Muy, muy mala señal.

Cuando mi abuelo dejaba encargado a alguien para cerrar la librería, era señal de que esa persona es digna de su confianza, y al parecer Cielo logró obtenerla. No sé cómo pudo hacerlo, ya que Baudin es extremadamente quisquilloso con esas cosas. Eso significaba lo que más temía: tal vez la seguiré viendo por más tiempo. Mucho tiempo. Necesito que alguien tenga la decencia de apiadarse de mí y me rescaten. Cielo es rara, muy rara, detrás de esos grandes anteojos y miles de pecas se esconde un pequeño ser demoníaco. Debo huir de ella cuanto antes y ya no sé cómo lograrlo.

―Si puedo. Gracias, señor Baudin ―Ella contestó detrás de la pila de los nuevos pedidos con su típica voz chillona y feliz. Ah, y cómo olvidar ese extraño acento que la caracteriza.

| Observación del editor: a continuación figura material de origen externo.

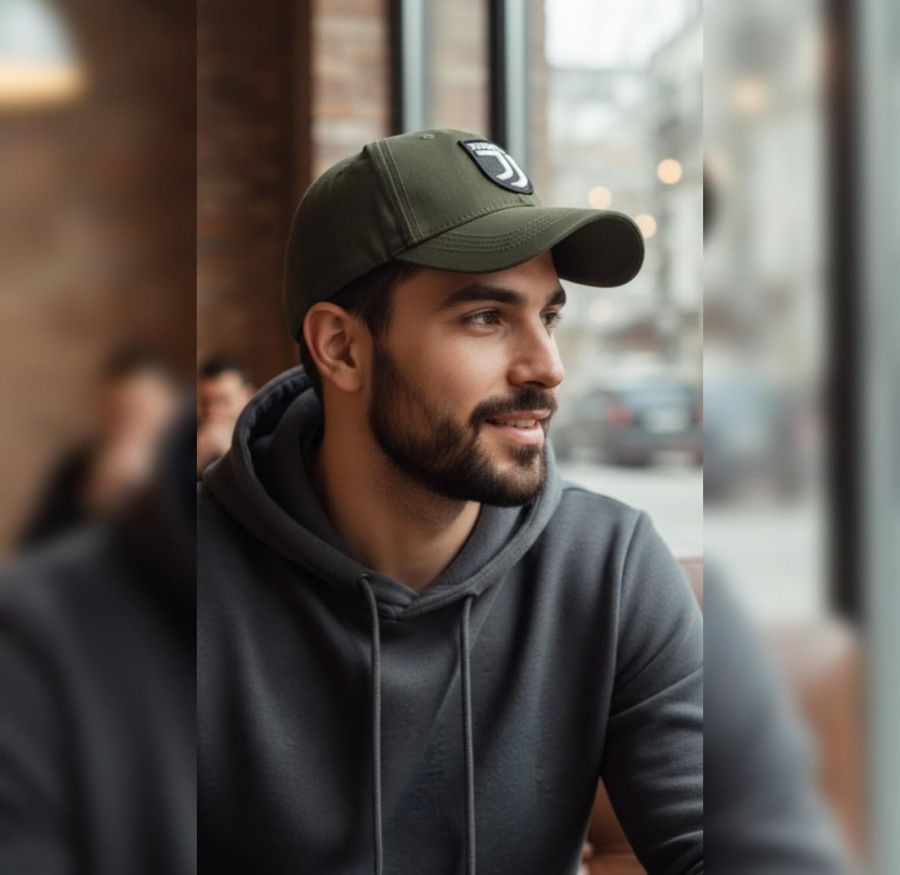 Style: Six-panel baseball cap (likely a "dad hat" or structured curved-brim style).
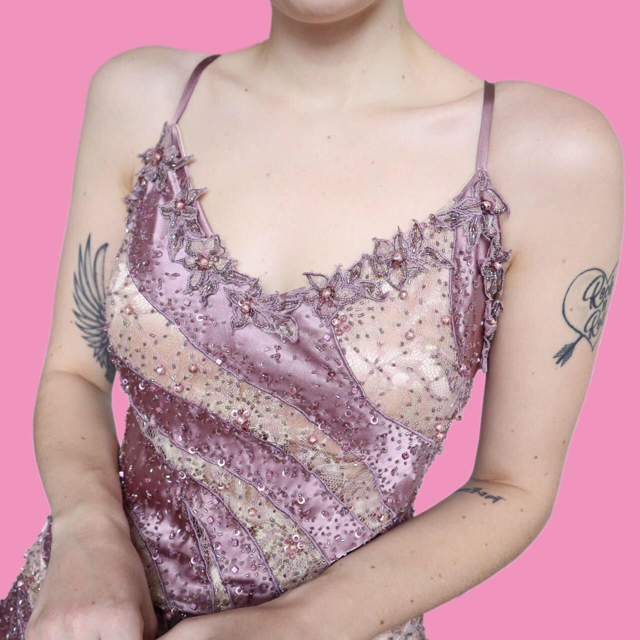 🌹Stunning silky lilac evening dress with a padded bust, bead detailing, lace stripe detailing, a zip up the side & a matching shawl UK S🌹
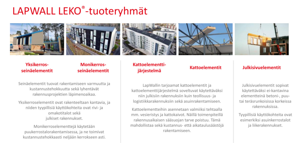 LapWall on yksi alan harvoista valopilkuista. Yhtiö valmistaa puisia seinä- ja kattoelementtejä. Seinäelementit menevät pääosin asuntorakentamiseen, ja kattoelementit teolliseen rakentamiseen. LapWall ei myy suoraan kuluttajille, vaan yhtiön asiakkaita ovat rakennusliikkeet ja talotehtaat.
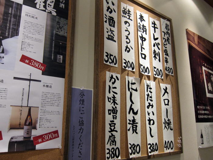 札幌駅すぐそばの立ち飲み鶴の蔵で、稀少な生酒、華味之至(しかみ)と鮭のめふん
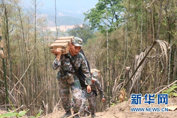 在云南麻栗坡,杜富國向雷場外轉運炸藥(2015年4月26日攝)。?新華社發(黃巧 攝)
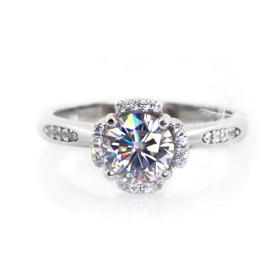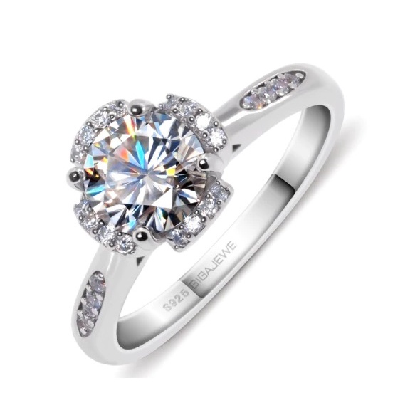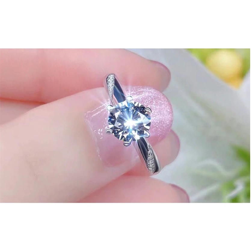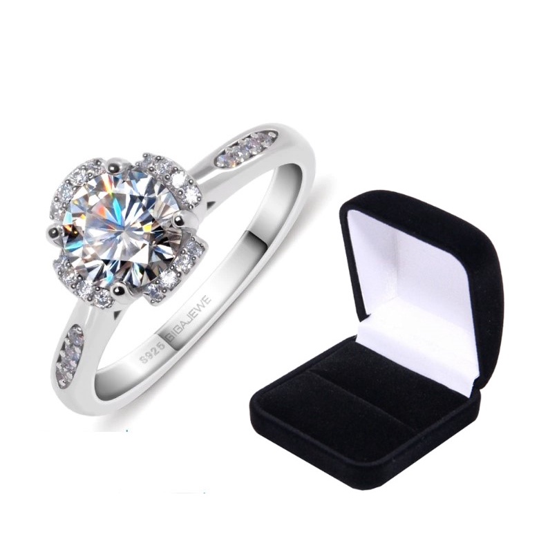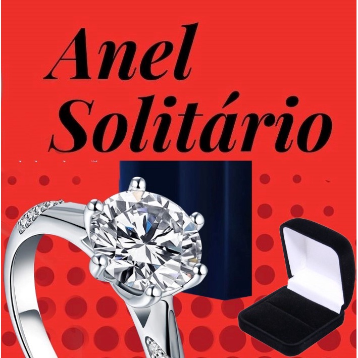 Anel Solitário banhado a prata com pedras + caixinha de luxo

Rodé mis ojos y volví a mi tarea de barrer el local. Me coloqué los audífonos y me olvidé de todos o casi todos, porque todas las horas que tenía en la librería, me la pasaba pendiente de Cielo, pero solo para prevenir futuras catástrofes en París. Ella acomodaba los libros nuevos en la estantería de romance y cada tanto, sus ojos me espiaban detrás de esos grandes marcos negros. Al darse cuenta que la había descubierto mirándome, su rostro se tornaba rojizo al instante y yo volvía a mi tarea con una sonrisa invicta. ¿Es que no aprendía a disimular? Esa muchacha es todo un caso perdido.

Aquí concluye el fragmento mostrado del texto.